Well, I basically started doing that because I had a lot of free time on my hands. You know I was divorced. When you are in this industry, you spend an awful lot of time alone in motels and trains and airplanes. Strange places and you tend to look around and you spend a lot of time noticing a lot people and things people do and I started writing it down. I started jotting things down. I wasn't much of a reader, but I liked Ernest Hemingway and I liked John Steinbeck. I read a couple of biographies of Spencer Tracy and Clark Gable and Burt Lancaster, and I really just started writing stuff. I would think of stuff and I would write it on a matchbook or fucking napkin or a paper bag. I wrote one on my leg in the back of a taxi cab in New York 'cause I didn't have a piece of paper. When you think of something, you write it down or you're gonna forget it. And then I started writing down dreams. I had a paper and pen next to my bed and in the morning, when I would wake up I would write down dreams that I had because they were really bizarre. It was just something I was doing. And then when I briefly moved to Santa Fe, New Mexico, after I finished Wyatt Earp, the woman who later became my wife and gave me three beautiful sons was with me in Santa Fe. I had all this stuff. I moved all my shit from L.A., because I was gonna leave Hollywood and leave the movie business. And I had a box that had all the stuff that I had written in it. I was gonna build a fire. It was snowing outside and all the fucking wood was wet. I had this box with all shit and I put the fucking thing in there and I was lighting it up, and she grabbed it and she took a few pages out and started reading it... And she goes: "Michael, Michael, you really shouldn't burn these things." So, I got the idea of giving it to a publisher in New York that I had met.

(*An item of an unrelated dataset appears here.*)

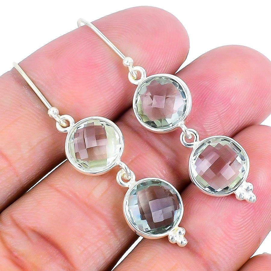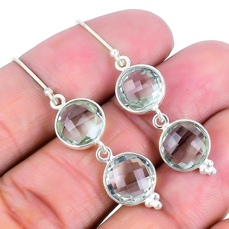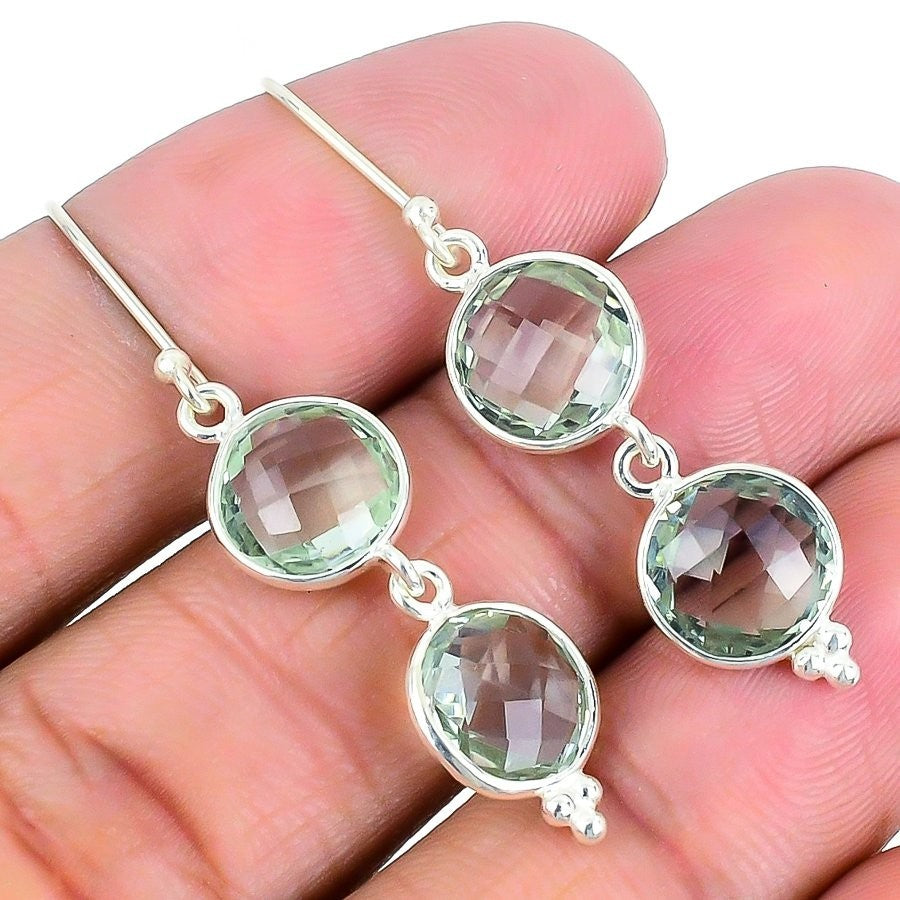 Natural Green Amethyst Sterling Silver Hook Dangle Birthday Anniversary Earrings

You have an exhibition with Signature International here. Is photography something that you dabble with?
Well, Dennis Hopper got me involved in photography and he is a cool cat. I loved his pictures, because he takes pictures of things that no one else would take a picture of, and I kind of have the same kind of notion and I started taking pictures. All of a sudden, [photographer] Rosalie [Miller] came along and sent me a camera and it was just bizarre — it was as weird as Olivier Assayas calling me — "Excuse me, are you sure you want Michael Madsen to take these pictures?" It was an odd thing but then again it was very flattering and I took advantage of it. I tried to do a good job. I tried to do them what they expected and hoped me to do. It was a good thing and the money goes to a charity. And anything that goes to a charity is a good thing.